Punctuation – default model: ct‑punc

Speaker diarization – default model: cam++

Emotion – default model: emotion2vec+large

Each component can be swapped or upgraded independently, and the combined pipeline can achieve up to 170× real‑time on GPU and 17× on CPU.

FunASR one‑stop pipeline architecture diagram

Key Features

Speed : SenseVoice‑Small processes 1 h audio in < 22 s on GPU (170× real‑time) and 17× real‑time on CPU.

Language coverage : Fun‑ASR‑Nano supports 31 languages; Qwen3‑ASR detects 52 languages automatically; GLM‑ASR‑Nano optimises 17 Chinese dialects.

One‑stop pipeline : VAD, transcription, punctuation, speaker diarization, and emotion are performed in a single call.

Emotion recognition : emotion2vec+large outputs labels such as happy, sad, angry.

Streaming and offline modes : paraformer‑zh‑streaming for WebSocket real‑time subtitles; paraformer‑zh or SenseVoice for offline long audio.

OpenAI‑compatible API : funasr-server --device cuda starts a service exposing /v1/audio/transcriptions identical to Whisper’s API.

Agent integration : built‑in MCP service can attach to Claude/Cursor; OpenAI‑compatible endpoint works with LangChain, Dify, AutoGen.

Installation

pip install funasr

Source installation:

git clone https://github.com/modelscope/FunASR.git
cd FunASR
pip install -e ./

Requirements: Python ≥ 3.8, PyTorch ≥ 1.13, torchaudio.
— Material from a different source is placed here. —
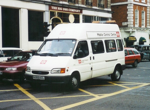 Details: This Ford Transit van was used as a Mobile Control Centre at incidents and events which affected central London bus services. 4687F (N289KCL) was a high-roof, long-wheelbase Transit 190 new in July 1996, and later replaced by red-liveried 5040F. |

Start the OpenAI‑compatible server:

pip install funasr fastapi uvicorn python-multipart
funasr-server --model sensevoice --device cuda

Usage Examples

Chinese meeting transcription (VAD + recognition + punctuation + speaker)
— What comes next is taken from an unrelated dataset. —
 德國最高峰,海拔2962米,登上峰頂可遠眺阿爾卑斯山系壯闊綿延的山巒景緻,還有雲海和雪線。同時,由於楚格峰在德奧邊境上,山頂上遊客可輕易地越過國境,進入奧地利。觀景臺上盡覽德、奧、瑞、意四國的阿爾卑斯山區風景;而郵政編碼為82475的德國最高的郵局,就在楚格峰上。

from funasr import AutoModel
model = AutoModel(
    model="iic/SenseVoiceSmall",
    vad_model="fsmn-vad",
    spk_model="cam++",
    device="cuda",
)
result = model.generate(input="meeting.wav")

Sample output:

[00:00.4 → 00:03.8] Speaker0: 我们今天讨论一下 Q3 的计划
[00:04.2 → 00:07.1] Speaker1: 好的，我有三个要点
[00:07.5 → 00:12.3] Speaker0: 请讲，我们还有 30 分钟

Multi‑language / dialect with Fun‑ASR‑Nano

model = AutoModel(
    model="FunAudioLLM/Fun-ASR-Nano-2512",
    vad_model="fsmn-vad",
    device="cuda",
)
result = model.generate(input="meeting.wav")

Batch processing with vLLM acceleration

from funasr.auto.auto_model_vllm import AutoModelVLLM
model = AutoModelVLLM(
    model="FunAudioLLM/Fun-ASR-Nano-2512",
    tensor_parallel_size=1,
)
results = model.generate(["audio1.wav", "audio2.wav"], language="auto")

Streaming real‑time transcription

model = AutoModel(model="paraformer-zh-streaming", device="cuda")
result = model.generate(
    input="chunk.wav",
    cache={},
    chunk_size=[0, 10, 5],
)

chunk_size=[0, 10, 5]

is a typical latency/look‑ahead configuration for live subtitles.

Emotion detection

model = AutoModel(model="emotion2vec_plus_large", device="cuda")
result = model.generate(input="audio.wav", granularity="utterance")

Result returns an emotion label such as happy, sad, angry.

Benchmark Data

Official benchmark (source: modelscope.github.io/FunASR/zh/benchmark.html):

SenseVoice‑Small: 170× GPU, 17× CPU, 13× faster than Whisper‑large‑v3.

Paraformer‑Large: 120× GPU, 15× CPU, 9× faster than Whisper.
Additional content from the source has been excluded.